:: TASK STATEMENT ::
Range to copy from the entries below: the line containing "产品展示 New Arrivals" through the line containing "- Set customized", inclusive. Retype only those lines, exactly, without any images.

:: DATA SECTION ::
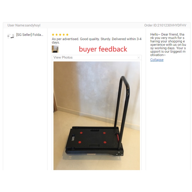 SG Seller Hand Trolley (Super low price) ( Foldable ) Load Weight 100kg With Silent Wheel Installed Trolley-fast deliver
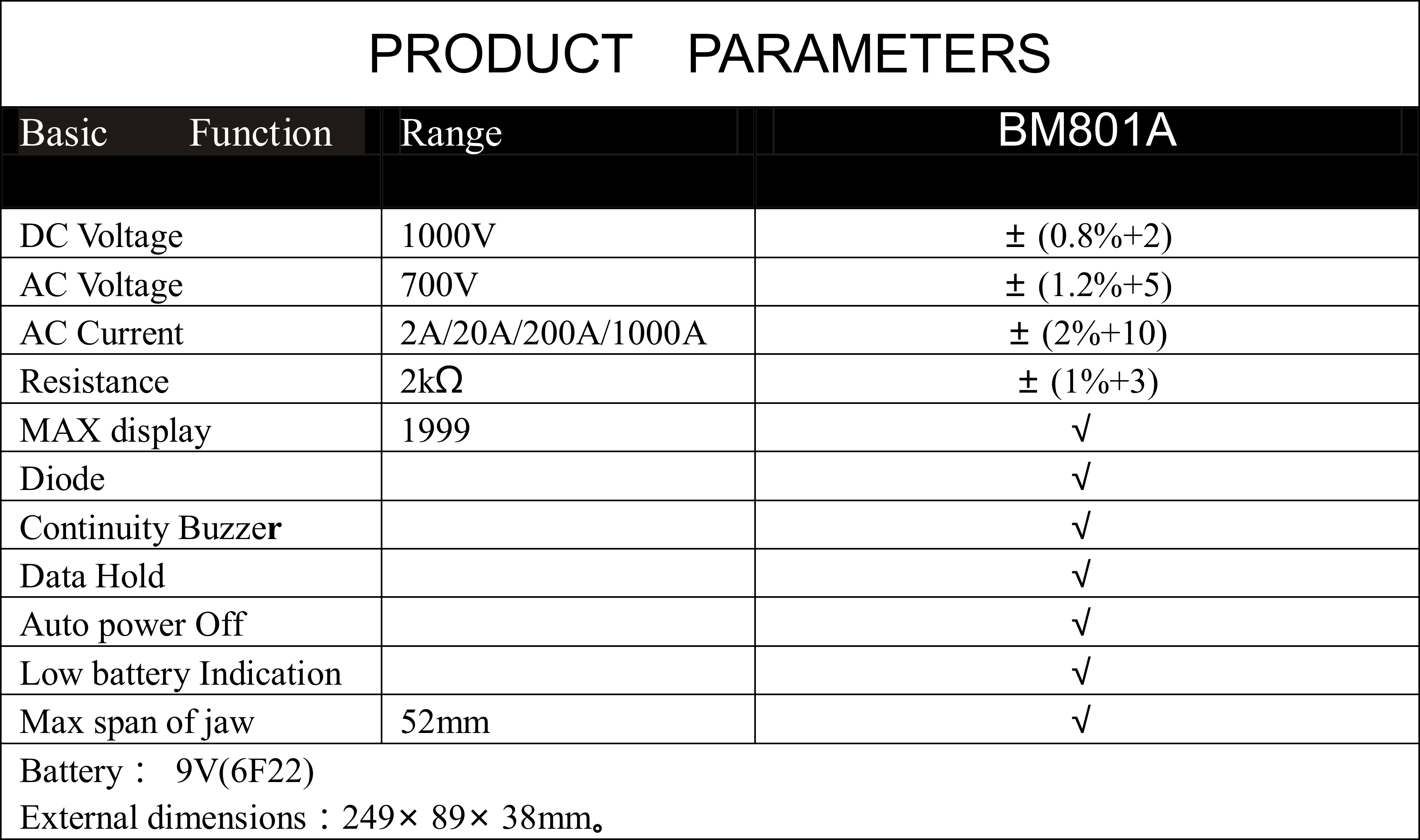 产品展示 New Arrivals Earth Resistance tester Digital Insulating Resistance Digital Clamp Meter Leakage Current Clamp Meter Digital Multimeter Thermometers Infrared Thermometer Digital Tachometers Others PRODUCTS > Digital Clamp Meter > BUY NOW Price ¥102 Download instructions BM801A AC clamp meter Back
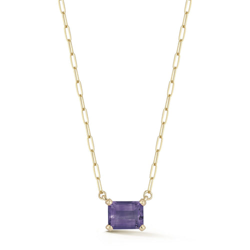 14K Yellow Gold with One Step Cut iolite=1.72 CTS, 9 x 7 MM, set East-West on 1.5MM Paperclip Chain 16"
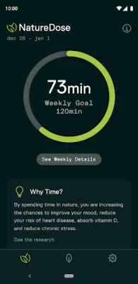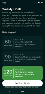 - Set customized weekly NatureDose targets (for example 120 minutes a week)
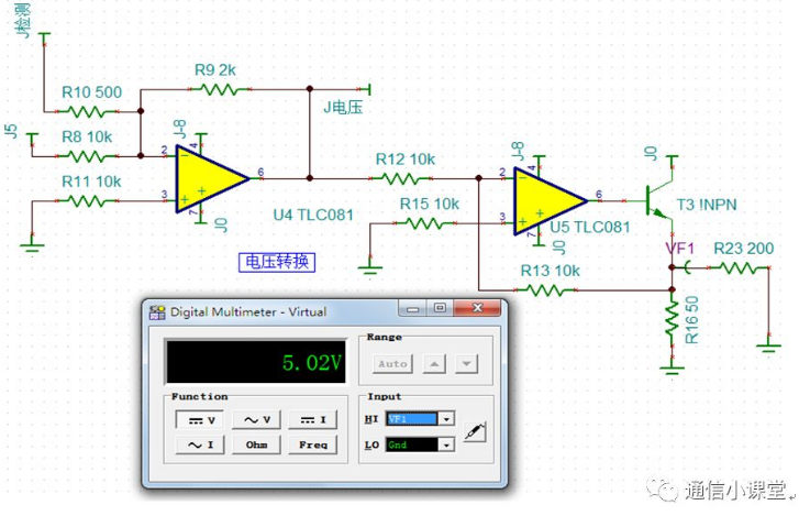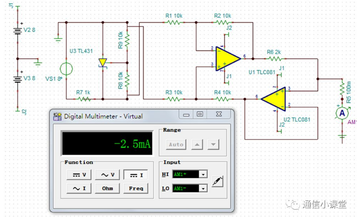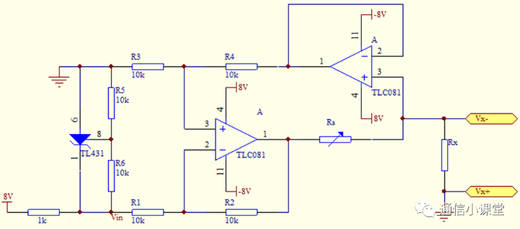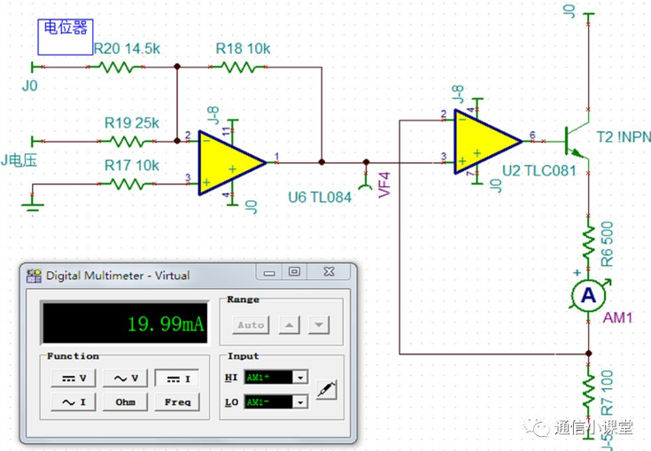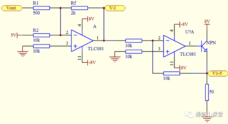 两个运放TLC081均引入了负反馈,前者构成同相求和运算电路,后者构成电压跟随器。根据虚短、虚断原理,若取R1=R3,R2=R4,则输出电流Iout=
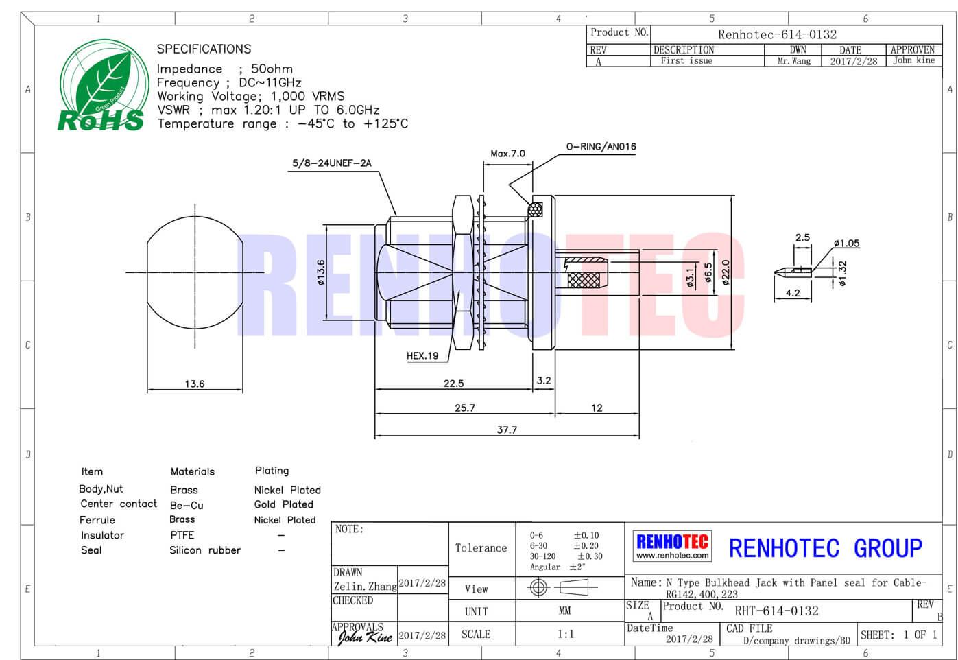 - 高性能连接器,频率范围达0到11GHz,阻抗50欧姆;
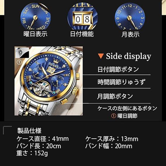 商品情報 【おしゃれなメンズ腕時計】機械式(メカニカル)だからこそ出せる金属文字盤、独特な文字盤デザインで高級感を引き出します。スケルトンの裏ぶたで機械式ならではの時計の動きをお楽しみいただけます。 【ビジネスに相応しい質感】こだわりのレザー模様文字盤、ローマ符号インデックス、メンズ腕時計の魅力が感じられます。定番のグリーン、ブラック、ブルー、大人気デザインです。 【時間の確認は簡単に】針は太陽光や室内照明などの光を蓄え、暗い所で発光しする夜光塗料を使用です。カレンダー機能を加え、便利な自動巻き腕時計です。 【生活防水機能】3気圧格防水機能、思いっきり濡らしても汗と雨に問題ありません。 【使用】弊社はお客様に多様、各年齢が適用する腕時計を提供することを努力致します。世界に進出中の我社、商品の品質は世界中に好評を貰えています。万が一不良のとき、で購入した商品は30日交換付き、3年故障修理、どうかお安心に下さい。使用上の問題、ご不明な点もお気軽に問い合わせください。 【ご注意】 ・・・(続きは商品説明をご覧ください) |
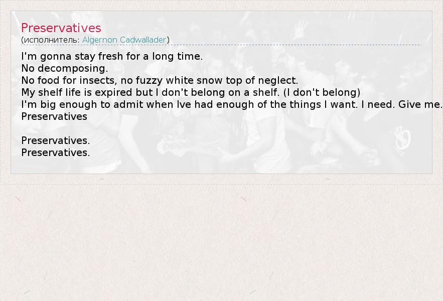 I'm gonna stay fresh for a long time. No decomposing. No food for insects, no fuzzy white snow top of neglect. My shelf life is expired but I don't belong on a shelf. (I don't belong) I'm big enough to admit when Ive had enough of the things I want. I need. Give me. Preservatives Preservatives. Preservatives.
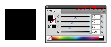 スミベタK100%とリッチブラックC50%M40%Y30%K100%はモニターの見た目ではどちらも黒に見えますが、リッチブラックはK以外の色も指定してありますのでカラー扱いとなります。
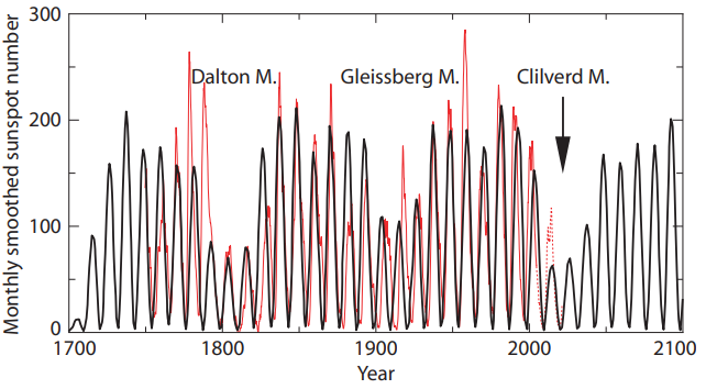 Clilverd, M. A., Clarke, E., Ulich, T., Rishbeth, H., & Jarvis, M. J. (2006). Predicting Solar Cycle 24 and beyond. Space Weather, 4. doi:10.1029/2005SW000207
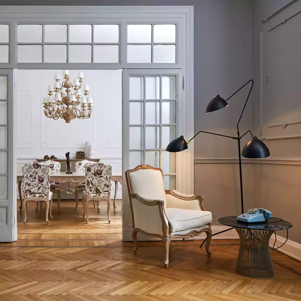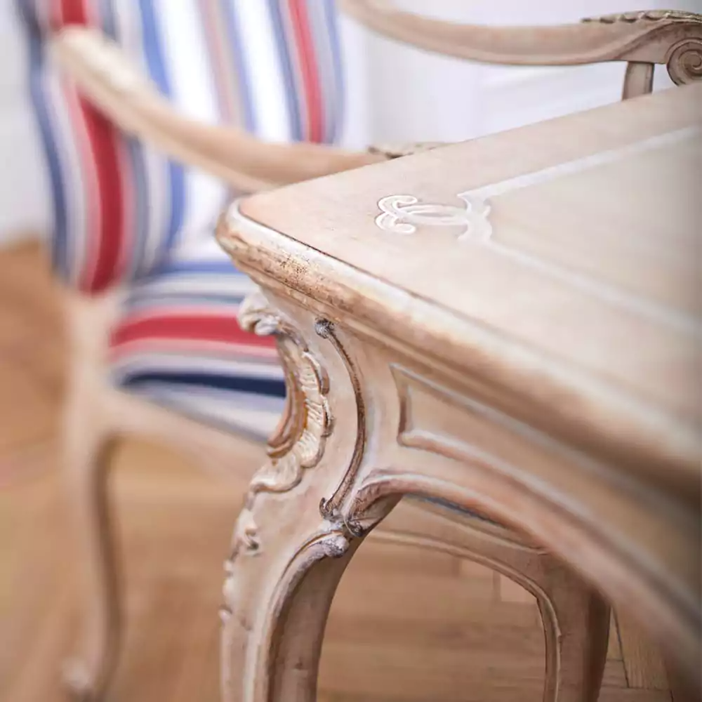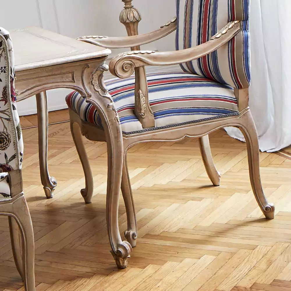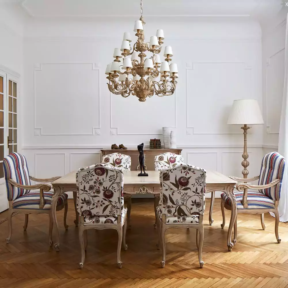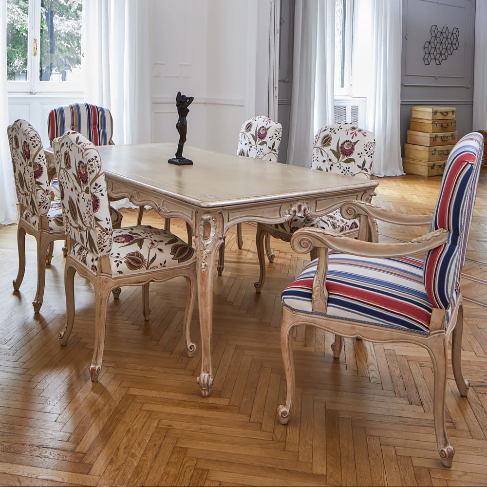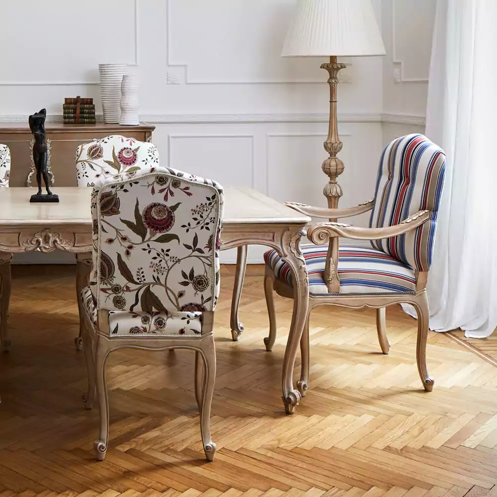 The side chairs bloom with a graceful pattern, while the head chairs wear slender stripes—two styles meeting in perfect accord.

:: RESPONSE TO THE TASK ::
 产品展示 New Arrivals Earth Resistance tester Digital Insulating Resistance Digital Clamp Meter Leakage Current Clamp Meter Digital Multimeter Thermometers Infrared Thermometer Digital Tachometers Others PRODUCTS > Digital Clamp Meter > BUY NOW Price ¥102 Download instructions BM801A AC clamp meter Back
 14K Yellow Gold with One Step Cut iolite=1.72 CTS, 9 x 7 MM, set East-West on 1.5MM Paperclip Chain 16"
 - Set customized weekly NatureDose targets (for example 120 minutes a week)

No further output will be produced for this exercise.